ZURICH (Reuters) - A pick-up at UBS’s (UBSG.S) core wealth management business is likely to weaken in the final months of 2017 as clients withdraw money to take part in tax amnesty programs, the world’s biggest private bank said.
UBS, which manages more than more than $2 trillion of the world’s wealth, saw continued improvement in the third quarter at its flagship business after a sluggish 2016 in which trading activity by rich clients hit a record low.
But finance chief Kirt Gardner said the fourth quarter, traditionally a seasonally slow three months, would be hit by an estimated 8 billion Swiss francs ($8 billion) in withdrawals as wealthy customers participate in government programs to declare offshore assets.
“We would expect that after the outflows in the fourth quarter you will see a drop-off in recurring revenue as a consequence and also reduction in margin,” he said in a call with analysts on Friday.
Gardner added UBS expected to see a recovery by the second quarter of 2018.
The bank, which also has investment banking, asset management, and Swiss retail and corporate divisions, said political and monetary policy uncertainty made it cautious too.
Third-quarter group net profit came in at 946 million francs, lagging the average forecast in a Reuters survey of six analysts but ahead of the Swiss bank’s own poll.
UBS shares were down 1.1 percent at 1120 GMT, a steeper drop than the European banking sector index .SX7P.

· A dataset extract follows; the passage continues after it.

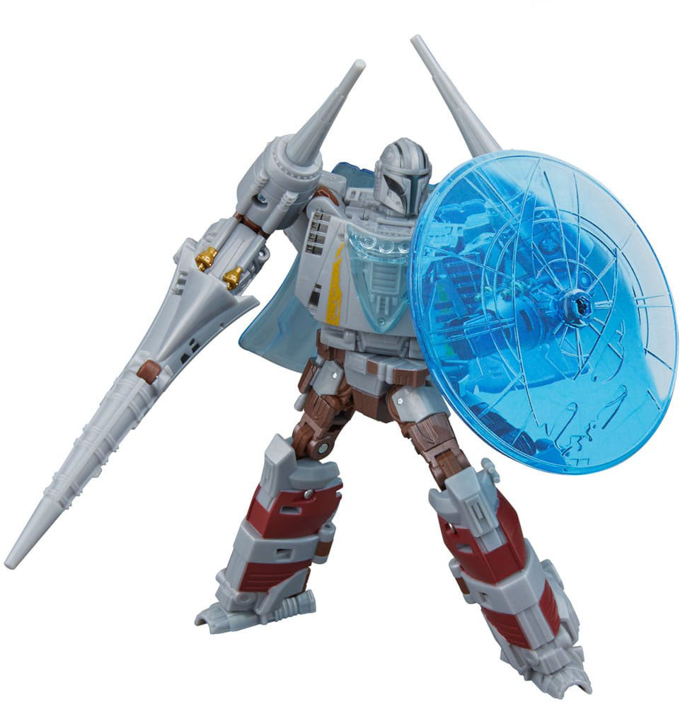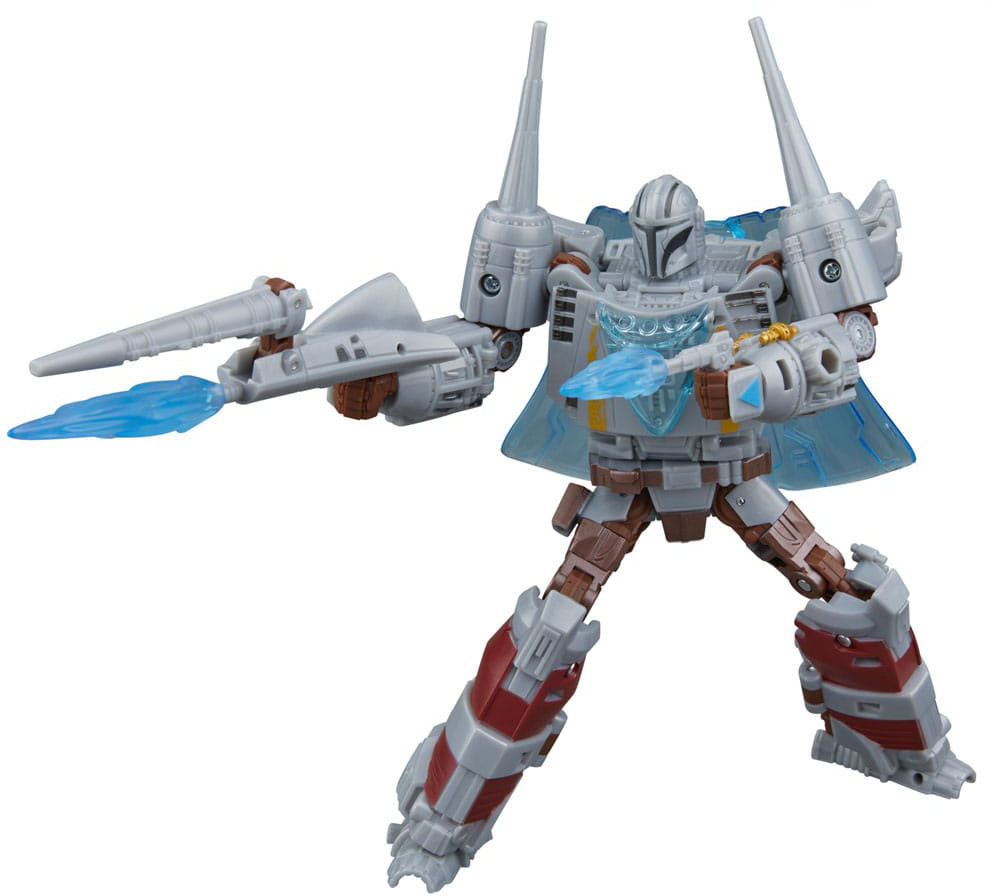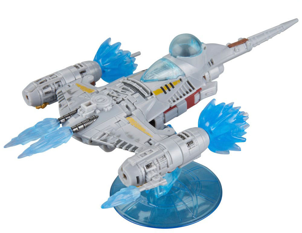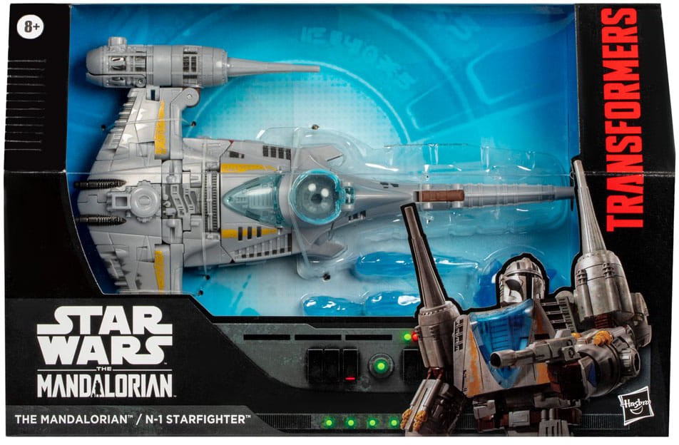 The iconic N-1 Starfighter from Star Wars: The Mandalorian is now a converting Transformers toy! This 7.5-inch (19 cm) figure converts from character mode to N-1 starfighter alt mode and features series-accurate deco and details from The Mandalorian series. It includes 6 blast effects that attach in both modes, 2 blasters, and a shield and cape that convert to a display stand for the figure in starship mode. Transformers robots have always been - More Than Meets the Eye - but now, through the Transformers Collaborative, fans can experience these larger-than-life characters as they team-up, mash-up, and meet up with other characters, teams, and people who share this same special quality.

Net new money inflows - a closely watched indicator of future earnings in money management - totaled 4.6 billion francs at UBS’s international wealth management unit in the third quarter.
A bright spot for the unit was the contribution from Asia Pacific, a priority growth region for UBS which has seen its best ever year-to-date performance.

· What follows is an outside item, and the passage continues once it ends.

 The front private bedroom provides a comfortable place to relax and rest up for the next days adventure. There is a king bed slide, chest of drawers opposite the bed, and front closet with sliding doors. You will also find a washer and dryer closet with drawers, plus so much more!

UBS’s North America brokerage business, which handles just over half the bank’s wealth management assets, saw net outflows of $2.3 billion, a blow to a business investors hope is on an upward curve.
“The market is expecting a lot from wealth management Americas because of the good economy and the rate increases,” said Mirabaud Securities Limited analyst Andreas Brun, who rates UBS’s stock “buy”.
The investment bank, which UBS has scaled back in recent years to free up resources for wealth management, saw adjusted pretax operating profit rise 2.9 percent to 352 million francs.
UBS’s common equity tier 1 (CET1) capital ratio, an important measure of balance sheet strength which UBS uses to help decide its dividend, rose to 13.7 percent from 13.5 percent in the second quarter. A drop in the second quarter CET1 ratio had been a source of concern for some investors.
However, Brun said pending legal cases and the uncertainty over future capital rules under Basel IV regulations meant it was too soon to draw conclusions for the dividend.
“That ratio is clearly good for all those who want to make a dividend story out of UBS,” said Brun. “For me it’s still too early to call it a dividend story.”